* **Instructions for the task**
The lines to return are those from the line holding "京からかみの伝統技法を間近で" through the last line of the entries below, both included, written exactly and without pictures.
..........
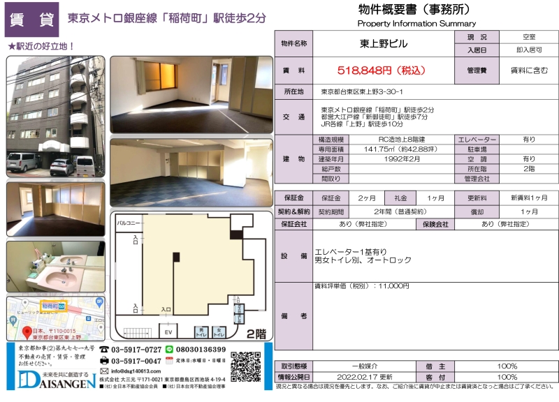 ★台東区-稲荷町駅★東上野ビル 2階 事務所
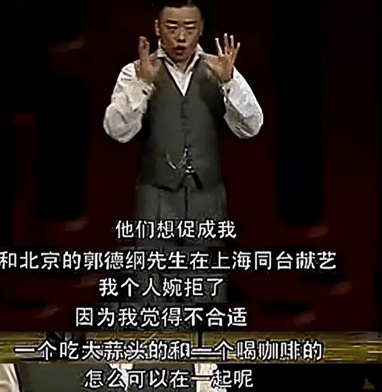 他曾在节目中把郭德纲贬为一个吃大蒜的人,高谈阔论自己才是那个喝咖啡的优雅绅士,自大到令人作呕。
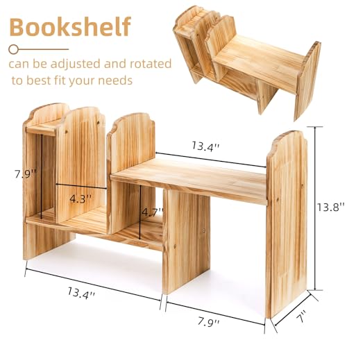 - Space-saving Helper: The compact and stackable design make this bookshelf a perfect choice for storing all books, magazines, and desktop clutter, keeping your desktop clean and tidy, and taking full advantage of your desktop space.
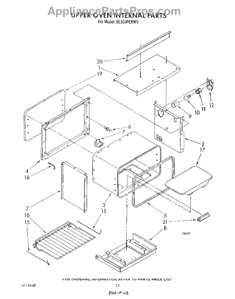 Parts for Whirlpool SE950PERW5: 08 - Upper Oven Internal, Lit / Optional Parts
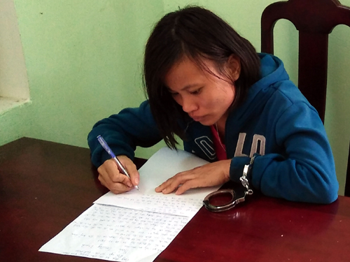 Hằng tại cơ quan điều tra. Ảnh: H.T
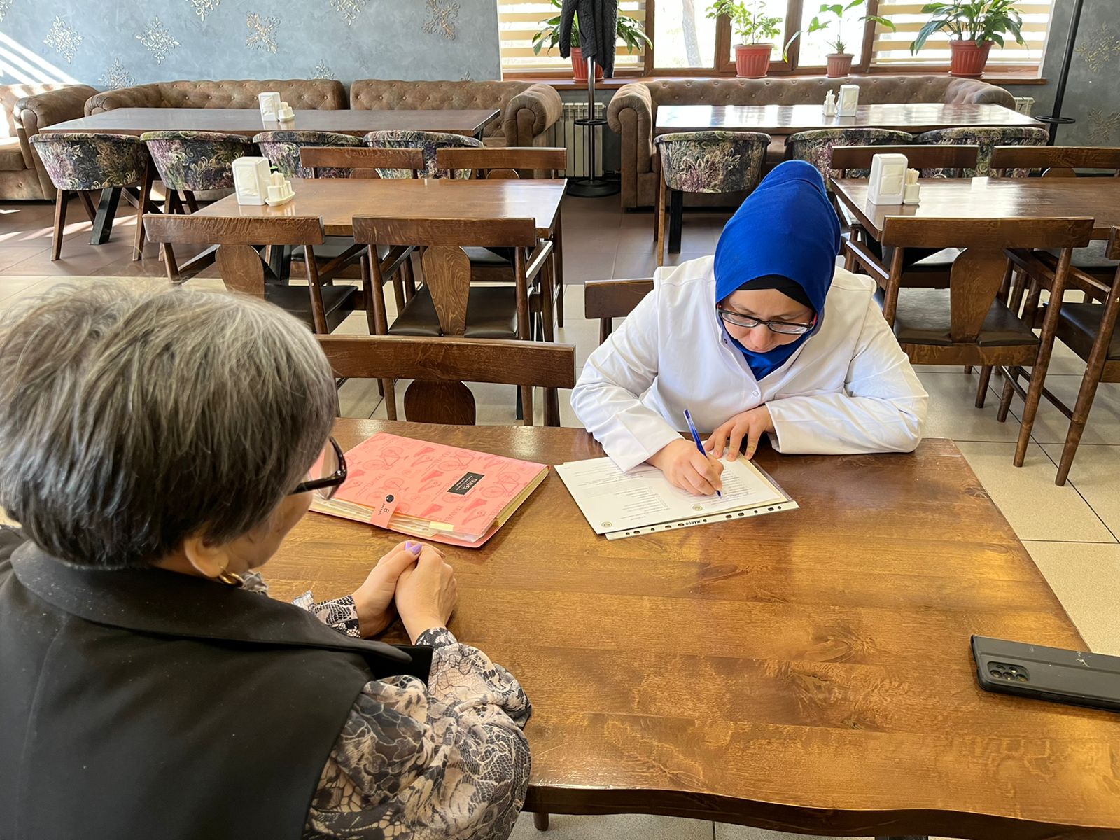 «Халал Даму» маманы Омарова Айжан мен жергілікті жауапты өкілі Үмбет Досжан кезекті тексерісі барысында .
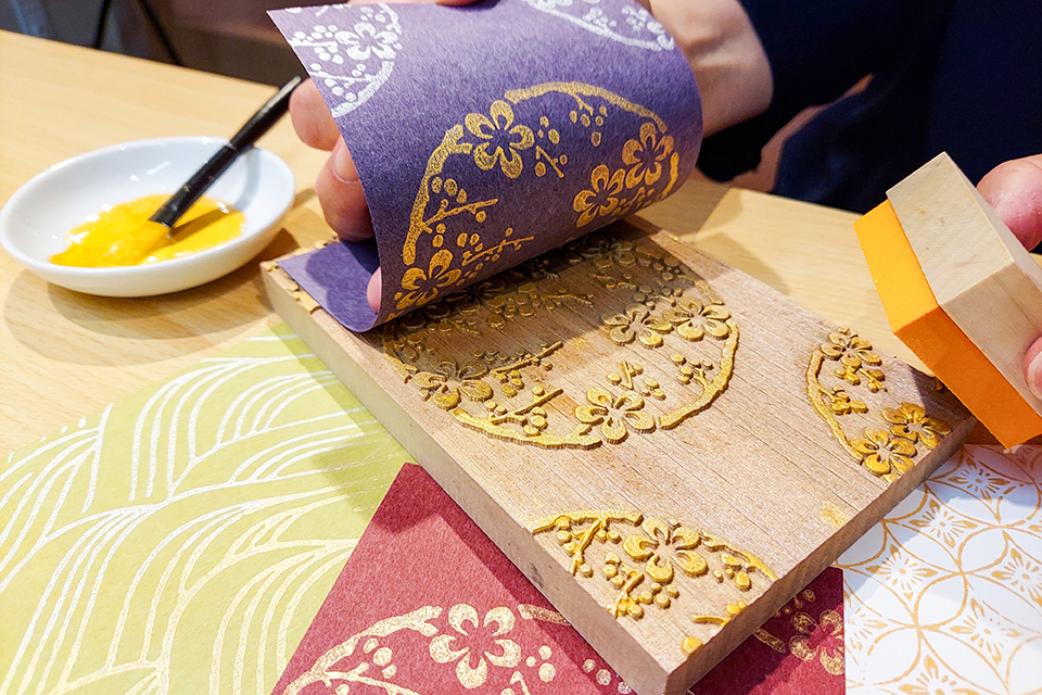 京からかみの伝統技法を間近で感じられる、唐紙工房の見学付き体験プランです。職人による文様制作の工程をご覧いただいた後、実際に版木を用いて唐紙文様を摺る体験をお楽しみいただけます。
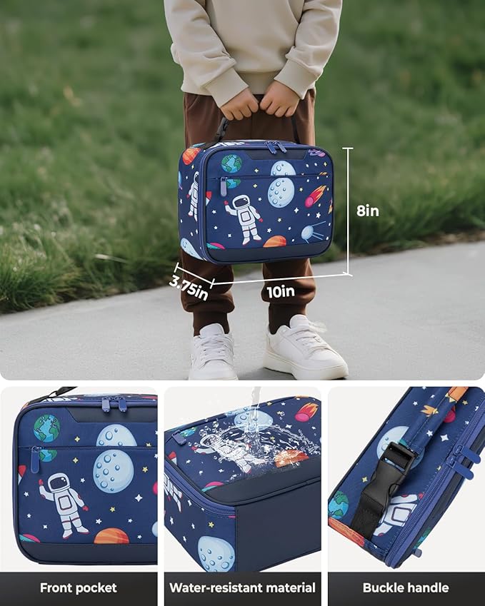 - Large-Capacity Insulated Lunch Bag for Kids & Adults:This lunch bag is designed with a spacious main compartment that easily holds lunch containers, snacks, drinks, and more—perfect for school, work, picnics, and travel. Compact and lightweight (10×3.75×8 inches), it fits neatly into backpacks or can be carried on its own.
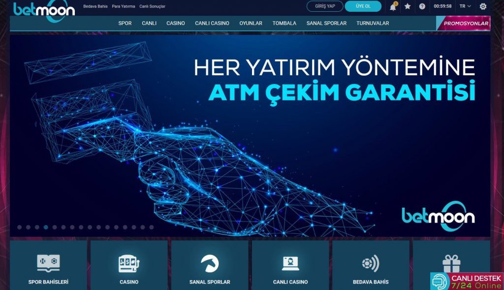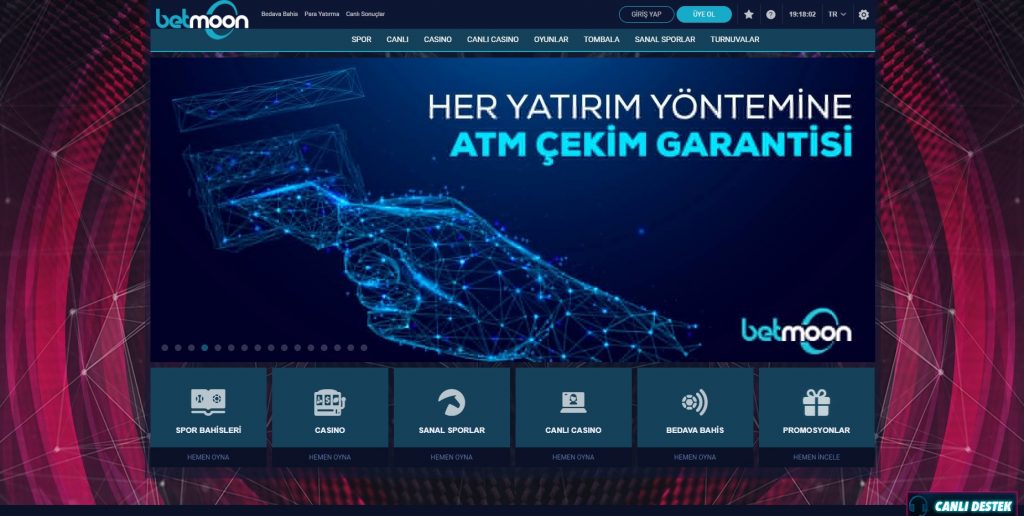 Bu sitenin çeşitli ülkelerde uzun vadeli bir yaşam bahis olduğu bilinmektedir. Betmmoon Bahis sitelerindeki casino oyunu, bahis aşıklarının ilk tercihini içerir ve severlerin dakikalık eğlenceli ve eğlenceli geçirmeleri için bahis yapmalarına neden olur. Betmoon bahis sitesindeki mevduat seçenekleri güvenilir ve hızlı bahis yöntemleridir; Papara, Para Teslimi / EFT, Para Mevduatı ile QR, Referans Kodları ile Akbank, Para Yatırma Seçenekleri, Cepbank gibi ödeme seçeneklerinden yararlanabilir.
..........
* **Your response**
 京からかみの伝統技法を間近で感じられる、唐紙工房の見学付き体験プランです。職人による文様制作の工程をご覧いただいた後、実際に版木を用いて唐紙文様を摺る体験をお楽しみいただけます。
 - Large-Capacity Insulated Lunch Bag for Kids & Adults:This lunch bag is designed with a spacious main compartment that easily holds lunch containers, snacks, drinks, and more—perfect for school, work, picnics, and travel. Compact and lightweight (10×3.75×8 inches), it fits neatly into backpacks or can be carried on its own.
 Bu sitenin çeşitli ülkelerde uzun vadeli bir yaşam bahis olduğu bilinmektedir. Betmmoon Bahis sitelerindeki casino oyunu, bahis aşıklarının ilk tercihini içerir ve severlerin dakikalık eğlenceli ve eğlenceli geçirmeleri için bahis yapmalarına neden olur. Betmoon bahis sitesindeki mevduat seçenekleri güvenilir ve hızlı bahis yöntemleridir; Papara, Para Teslimi / EFT, Para Mevduatı ile QR, Referans Kodları ile Akbank, Para Yatırma Seçenekleri, Cepbank gibi ödeme seçeneklerinden yararlanabilir.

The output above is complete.